*What you will do*
This exercise calls for retyping every line below exactly, with the images omitted.

*Supplied data*
====================

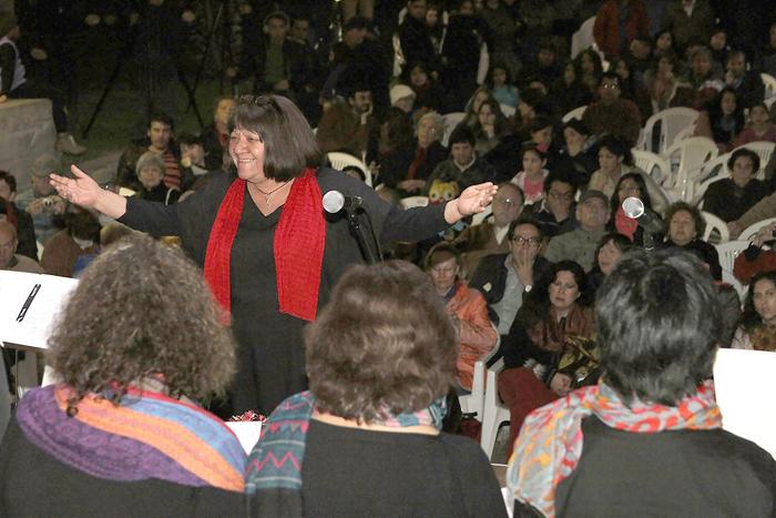 Ana María Jiménez leading the choir at Villa Grimaldi Park for Peace in September 2013
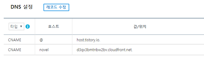 레코드로 등록하면 개인 도메인에 붙일 수 있습니다.
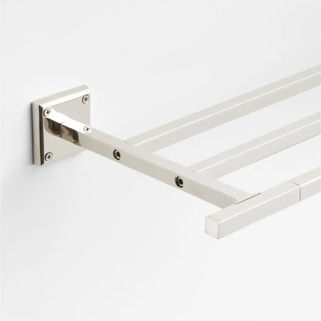 Sometimes it's the small things that pull a room together. That's why we've designed a hardware collection with modern silhouettes, clean lines and a touch of tradition to give your bathroom that perfect finishing touch. Rounded corners and smoothed edges soften the minimalist design of the towel rack made of brass finished in shiny chrome. The three-rod design lets you hang multiple towels, while the rack's mix of square and rectangular shapes gives it a geo-forward look that's bold and contemporary. The towel rack is ready to mount on the wall with included hardware.

====================

*Exercise output*
 Ana María Jiménez leading the choir at Villa Grimaldi Park for Peace in September 2013
 레코드로 등록하면 개인 도메인에 붙일 수 있습니다.
 Sometimes it's the small things that pull a room together. That's why we've designed a hardware collection with modern silhouettes, clean lines and a touch of tradition to give your bathroom that perfect finishing touch. Rounded corners and smoothed edges soften the minimalist design of the towel rack made of brass finished in shiny chrome. The three-rod design lets you hang multiple towels, while the rack's mix of square and rectangular shapes gives it a geo-forward look that's bold and contemporary. The towel rack is ready to mount on the wall with included hardware.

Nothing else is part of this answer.